## What you will do
The copy you give must match the listing below exactly and contain no pictures.

## Information provided
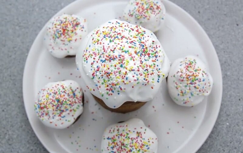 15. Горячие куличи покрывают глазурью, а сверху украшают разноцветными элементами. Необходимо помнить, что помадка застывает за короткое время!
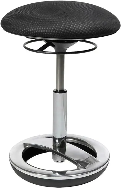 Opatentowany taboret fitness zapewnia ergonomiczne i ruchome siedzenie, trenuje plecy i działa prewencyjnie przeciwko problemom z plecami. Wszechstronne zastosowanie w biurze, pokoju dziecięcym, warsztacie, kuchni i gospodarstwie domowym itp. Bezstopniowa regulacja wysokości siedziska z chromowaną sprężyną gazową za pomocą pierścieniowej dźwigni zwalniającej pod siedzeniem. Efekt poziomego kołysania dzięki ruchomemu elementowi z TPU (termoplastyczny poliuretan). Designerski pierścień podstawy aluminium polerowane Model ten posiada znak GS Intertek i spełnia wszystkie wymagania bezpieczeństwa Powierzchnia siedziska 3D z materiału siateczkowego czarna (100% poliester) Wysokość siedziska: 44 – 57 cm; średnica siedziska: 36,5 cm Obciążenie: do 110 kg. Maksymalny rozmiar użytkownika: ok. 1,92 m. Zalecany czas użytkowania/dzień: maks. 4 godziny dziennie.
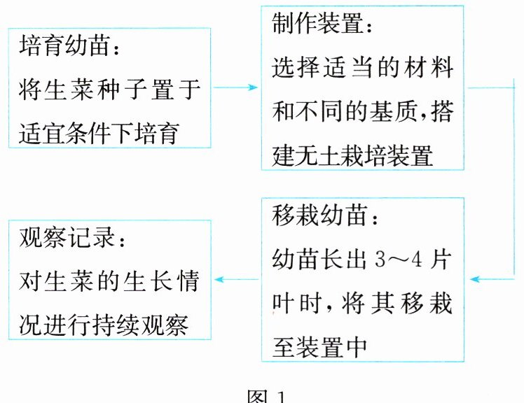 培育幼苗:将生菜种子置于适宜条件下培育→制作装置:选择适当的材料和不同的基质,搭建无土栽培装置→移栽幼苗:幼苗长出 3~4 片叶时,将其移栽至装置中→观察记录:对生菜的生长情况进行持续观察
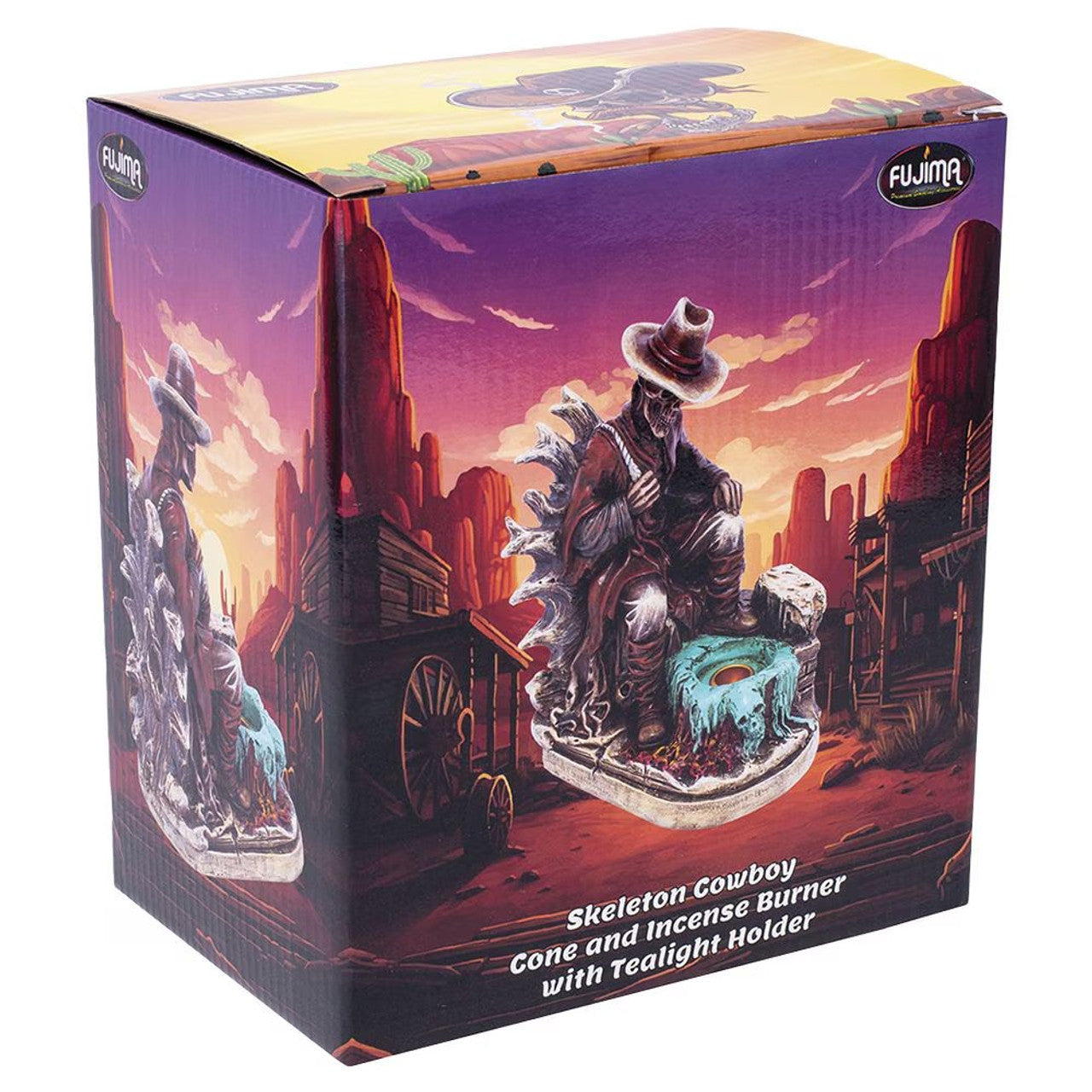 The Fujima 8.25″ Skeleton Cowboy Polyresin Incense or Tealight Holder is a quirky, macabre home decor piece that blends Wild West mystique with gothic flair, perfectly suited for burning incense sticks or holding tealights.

## Response
 15. Горячие куличи покрывают глазурью, а сверху украшают разноцветными элементами. Необходимо помнить, что помадка застывает за короткое время!
 Opatentowany taboret fitness zapewnia ergonomiczne i ruchome siedzenie, trenuje plecy i działa prewencyjnie przeciwko problemom z plecami. Wszechstronne zastosowanie w biurze, pokoju dziecięcym, warsztacie, kuchni i gospodarstwie domowym itp. Bezstopniowa regulacja wysokości siedziska z chromowaną sprężyną gazową za pomocą pierścieniowej dźwigni zwalniającej pod siedzeniem. Efekt poziomego kołysania dzięki ruchomemu elementowi z TPU (termoplastyczny poliuretan). Designerski pierścień podstawy aluminium polerowane Model ten posiada znak GS Intertek i spełnia wszystkie wymagania bezpieczeństwa Powierzchnia siedziska 3D z materiału siateczkowego czarna (100% poliester) Wysokość siedziska: 44 – 57 cm; średnica siedziska: 36,5 cm Obciążenie: do 110 kg. Maksymalny rozmiar użytkownika: ok. 1,92 m. Zalecany czas użytkowania/dzień: maks. 4 godziny dziennie.
 培育幼苗:将生菜种子置于适宜条件下培育→制作装置:选择适当的材料和不同的基质,搭建无土栽培装置→移栽幼苗:幼苗长出 3~4 片叶时,将其移栽至装置中→观察记录:对生菜的生长情况进行持续观察
 The Fujima 8.25″ Skeleton Cowboy Polyresin Incense or Tealight Holder is a quirky, macabre home decor piece that blends Wild West mystique with gothic flair, perfectly suited for burning incense sticks or holding tealights.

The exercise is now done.